For connections, wire nuts are not meant for moist environments and would be messy. What I really need is some good weather-tight connectors like you’d find under the hood or chassis of a vehicle. You can buy the GM style but there’s a gazillion types and trying to find matches for male/female plus all the bits that make up a single connection is difficult. While searching, I ran across Deutch brand that makes connectors for aftermarket commercial truck applications. All those big trucks that come as a cab and chassis and then various companies build the bed. Fire trucks and ambulances start out as a cab and chassis as do all kinds of service trucks.
Naturally, there are Deutch knock-offs but I’ll be going with the genuine article. Here’s the two conductor version that costs $7.30 each. Yeah, twice the price of a relay. Seller give 15% discount when buying more than 4 so there is that.
They also make 3 and 6 conductor versions for $8.25 and $11.29 respectively.

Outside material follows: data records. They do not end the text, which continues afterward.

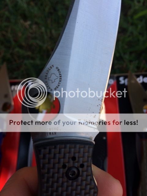 Purchased Used on this forum, has some spots near the bottom of the blade, cold use a sharpening.
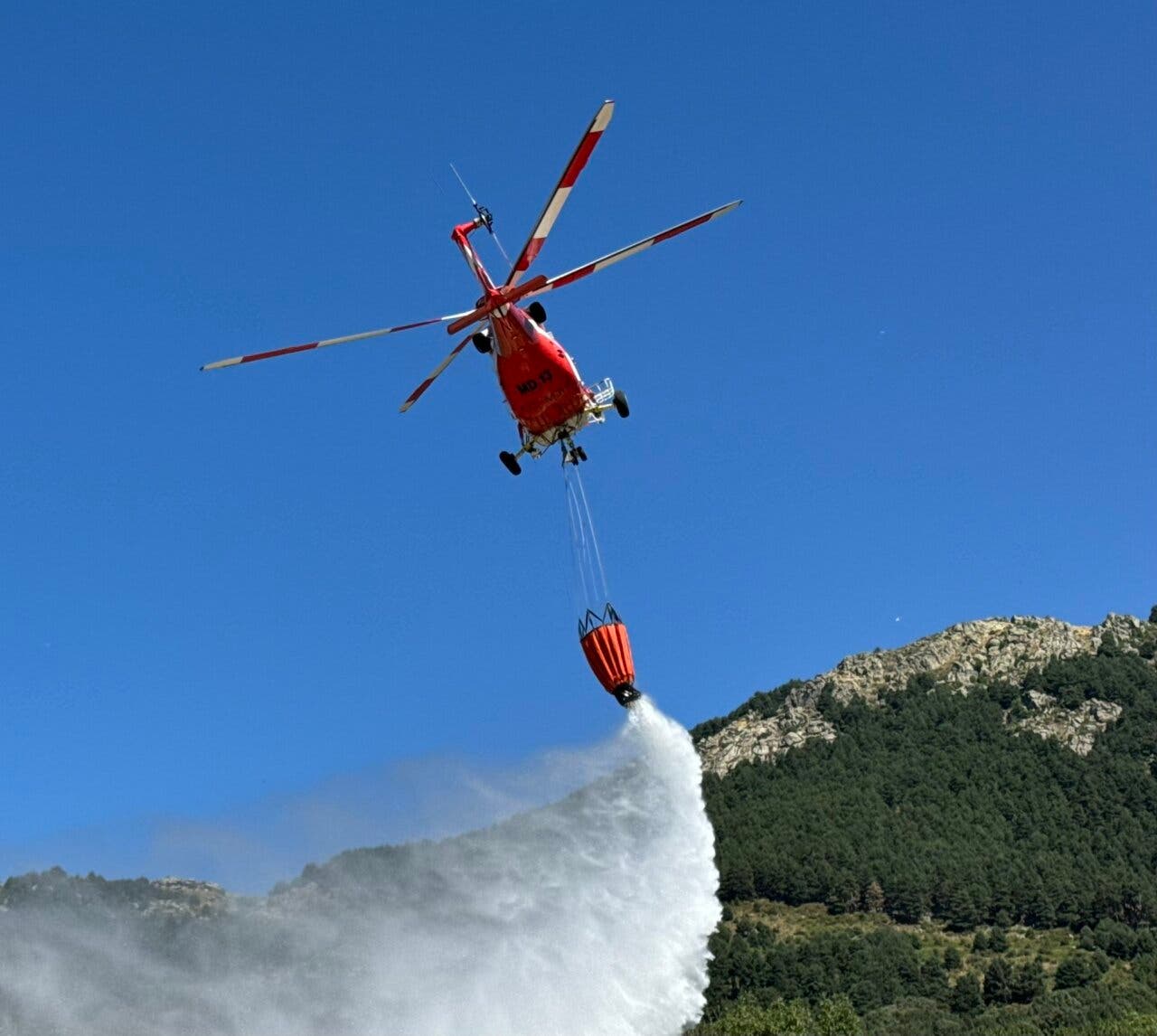 En las tareas participan también medios de la Comunidad de Madrid, con un helicóptero bombardero y una brigada helitransportada. Estos equipos refuerzan las actuaciones del Plan INFOCAM del Gobierno de Castilla-La Mancha.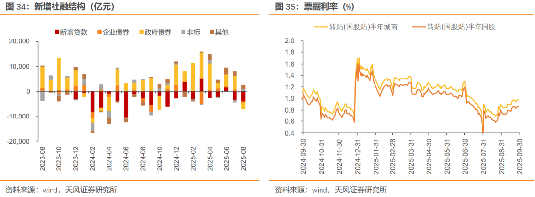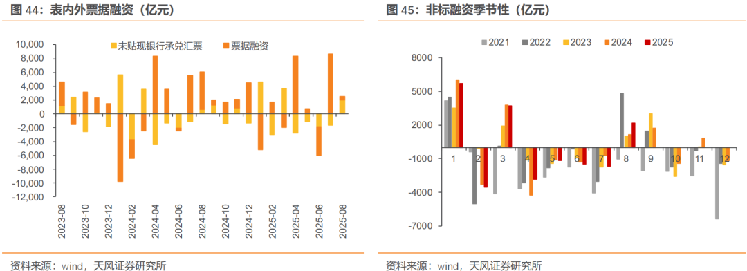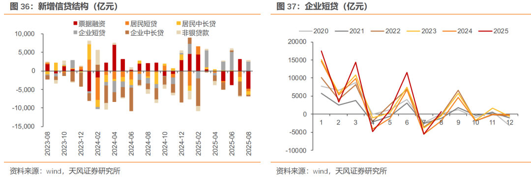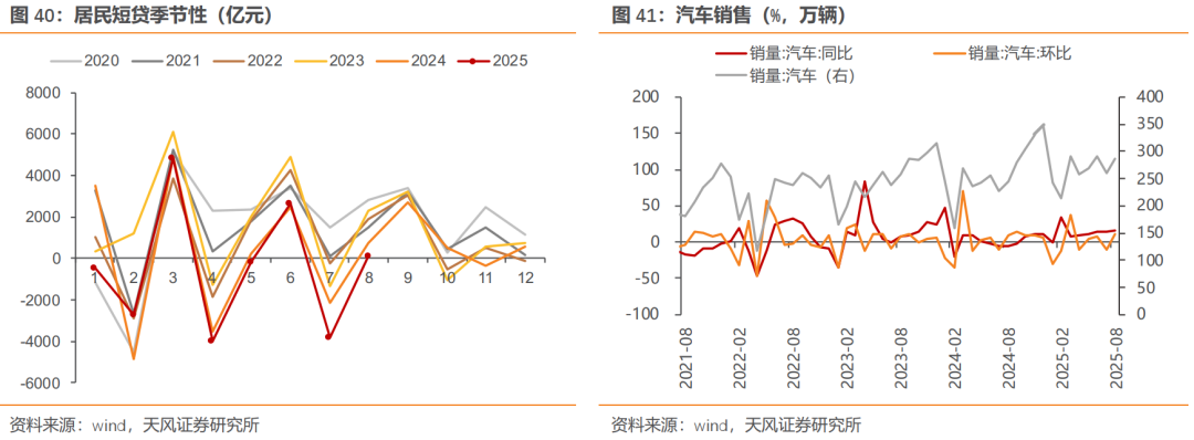 居民短贷来看,一方面,其通常呈现明显季节性变化,9月往往环比回升;另一方面,在消费贷财政贴息等政策引导下,消费增长或受到一定带动作用;此外,考虑到去年基数不高,预计今年9月居民短贷同比多增。

Another seller based in CA has the 6 conductor at 10 for $24.95 which tells me they’re china knock offs.
They do make plugs to seal up an unused hole in the connector so I could use a 6 way for my five wire actuators. It’s tempting to use a 2 way for the motor with 14 ga wire and a 3 way for the POT with 18 ga wires but all of the connectors will take 14, 16 or 18 ga wire so one 6 way connector per actuator would probably be the way to go. The Deutch connectors are rated for 13 amps per pin which is way more than anything in the tunnel and they’re IP67 rated (IP = Ingress Protection irrc)
I don’t live in a valley so if my tunnel is under 3 foot of water, I need to find an Ark.
Well shit, it’s almost 9am and 73 degrees, imagine that, so I better get outside and do some things before it gets hot. Some day I’ll be able to step outside about now and watch the tunnel open itself up for the day. (IF the wind isn’t 45 mph)